Given data START

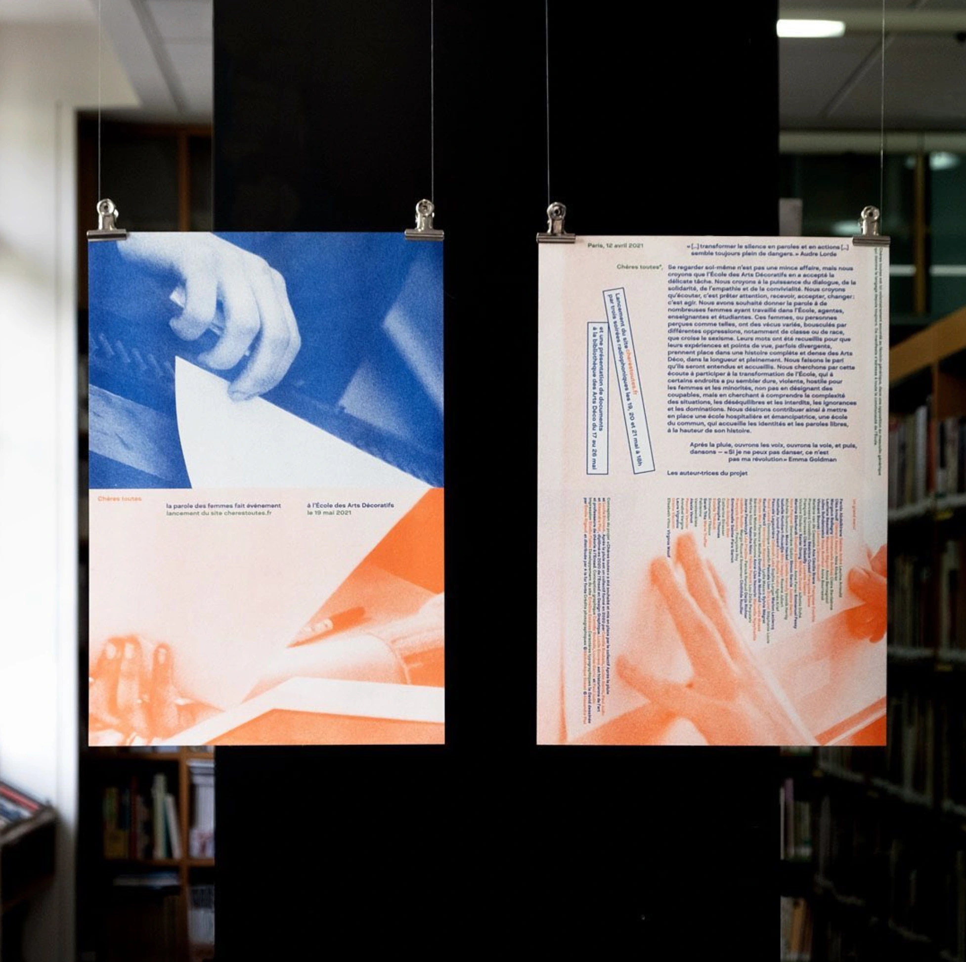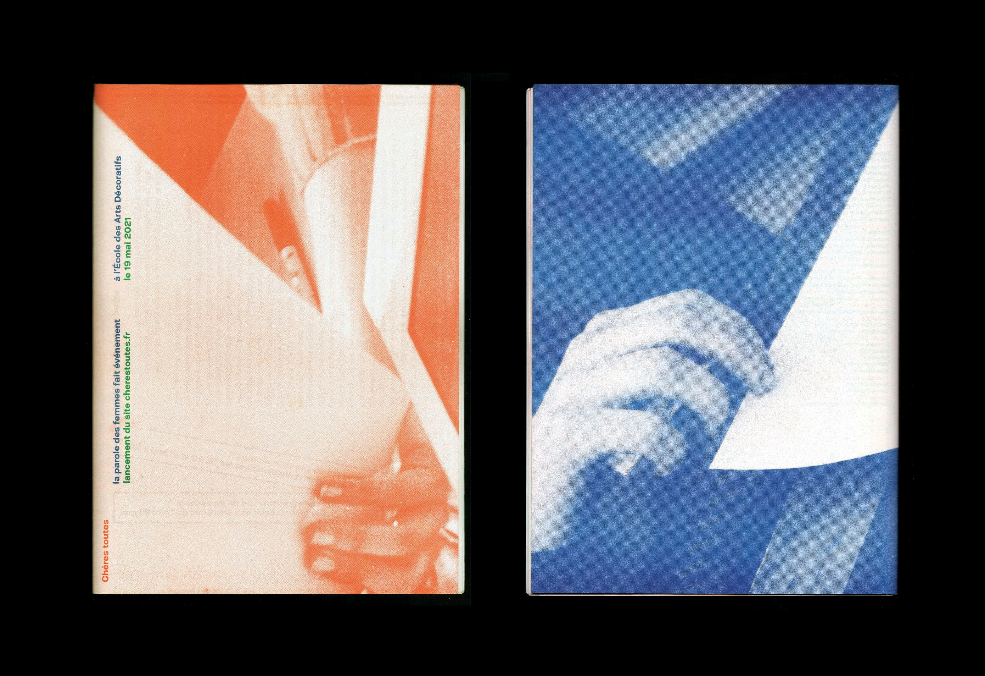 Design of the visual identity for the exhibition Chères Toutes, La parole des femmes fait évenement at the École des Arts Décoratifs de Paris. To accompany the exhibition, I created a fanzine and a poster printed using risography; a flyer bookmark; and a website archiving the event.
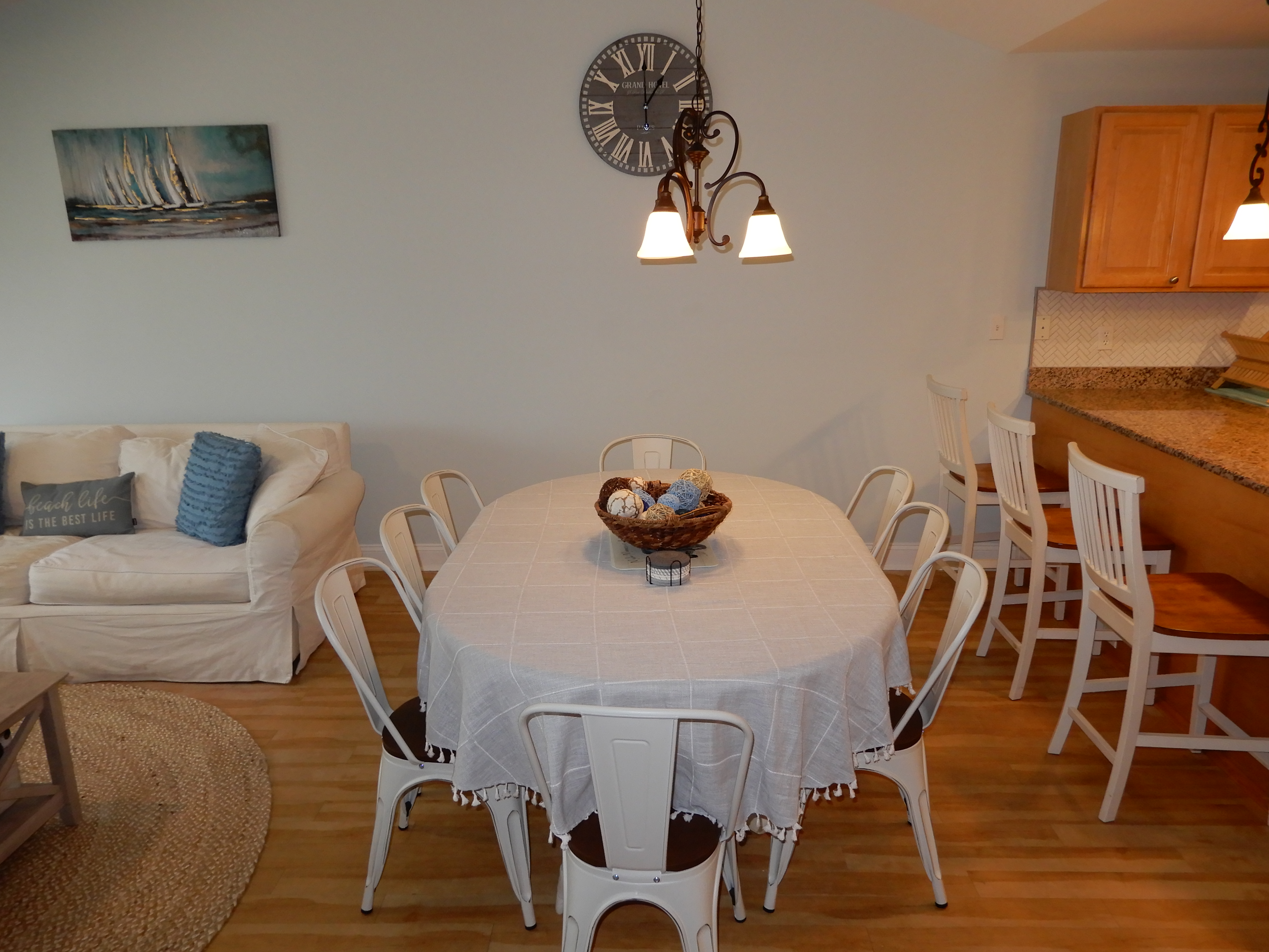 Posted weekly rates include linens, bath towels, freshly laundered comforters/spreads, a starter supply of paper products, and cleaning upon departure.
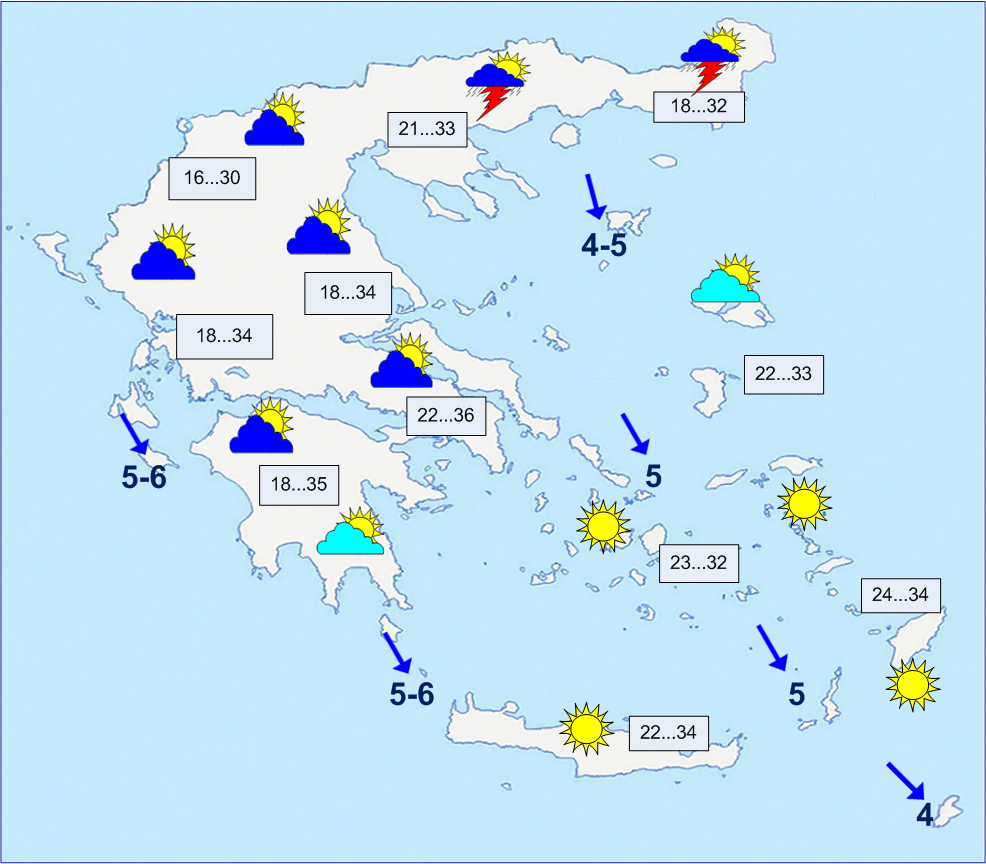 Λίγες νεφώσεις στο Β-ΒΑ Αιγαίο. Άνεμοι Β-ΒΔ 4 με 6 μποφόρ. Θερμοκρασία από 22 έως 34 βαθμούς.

Given data END

(What is required):
Type the lines above out again exactly as they appear, skipping every picture.

(Written response):
 Design of the visual identity for the exhibition Chères Toutes, La parole des femmes fait évenement at the École des Arts Décoratifs de Paris. To accompany the exhibition, I created a fanzine and a poster printed using risography; a flyer bookmark; and a website archiving the event.
 Posted weekly rates include linens, bath towels, freshly laundered comforters/spreads, a starter supply of paper products, and cleaning upon departure.
 Λίγες νεφώσεις στο Β-ΒΑ Αιγαίο. Άνεμοι Β-ΒΔ 4 με 6 μποφόρ. Θερμοκρασία από 22 έως 34 βαθμούς.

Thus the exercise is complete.